What This Study Adds?

  • USG has good sensitivity to localize UVC tip position and can be used to guide catheter in cases with failed insertion.

  • There is good agreement between CXR and USG catheter lengths.

We thank the NICU babies and their families for being part of the study. We are indebted to the NICU staff for their assistance and support for the study.

The Institute Ethics Committee, All India Institute of Medical Sciences, Bhubaneswar, studied and approved the protocol (IEC/2020-21/25) prior to recruitment and the trial was registered with the Clinical Trial Registry of India (CTRI/2020/09/027935). Written informed consent was taken from the parents to participate in the study.
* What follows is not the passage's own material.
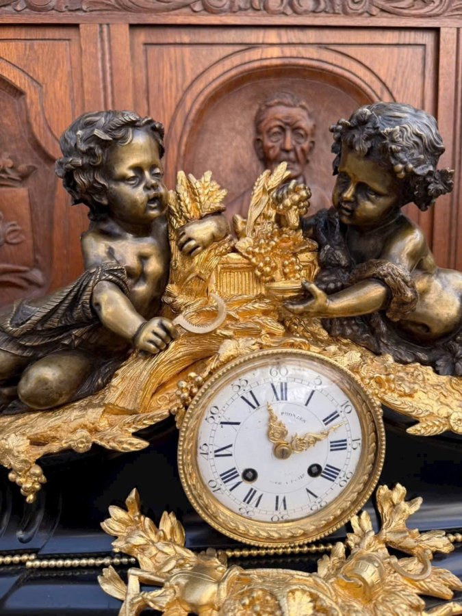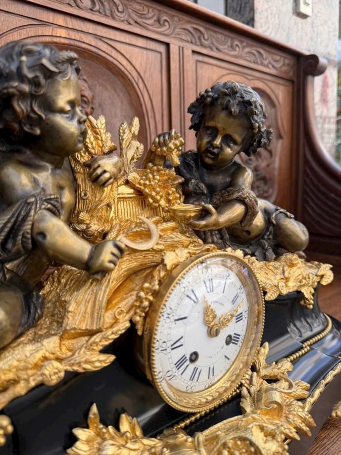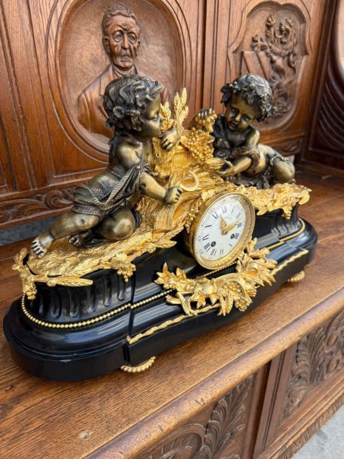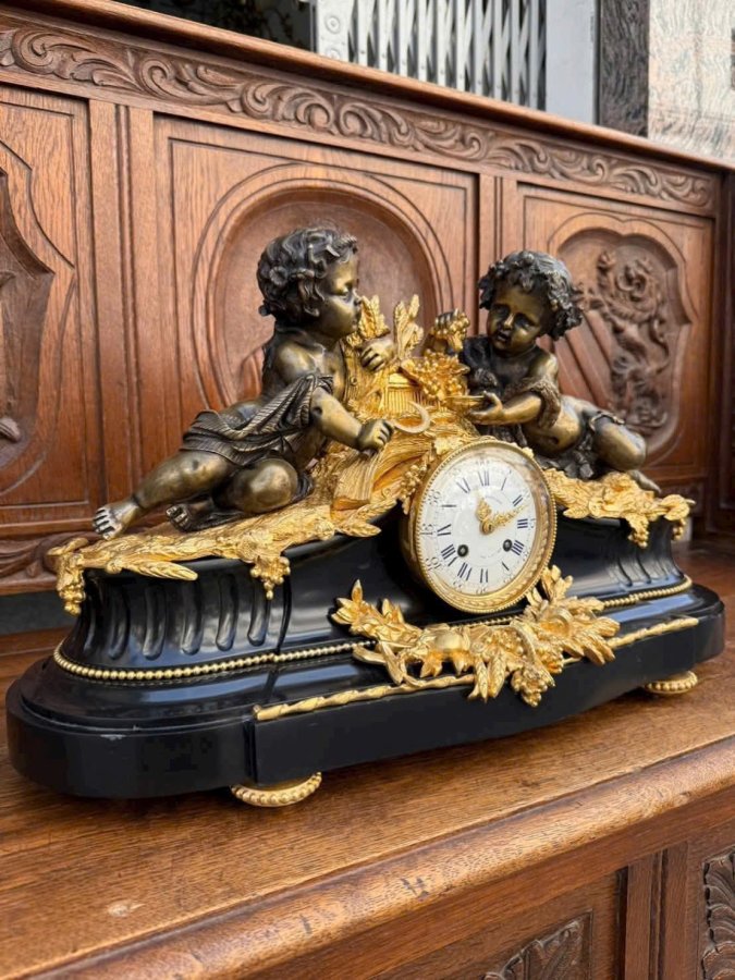 Đồng Hồ Tượng Pháp CổLacke Vàng | Tích Cặp Cu Tí Ôm Lúa Gạo

The authors have no relevant financial or nonfinancial interests to disclose.

The research did not receive any funding from specific agencies.

P.M. recruited participants, collected and analysed data, and formulated the manuscript; P.K.M. and T.K.S. participated in the design of the study and edited and revised the manuscript; T.S. and U.D. provided interpretation of the data and revised the manuscript; and N.D.B. edited and revised the manuscript.

Additional Information

Clinical Trial Registry of India (CTRI) registration No. CTRI/2020/09/027935, date – September 21, 2020.

All data generated or analysed during this study are included in this article and its online supplementary material files. Further enquiries can be directed to the corresponding author.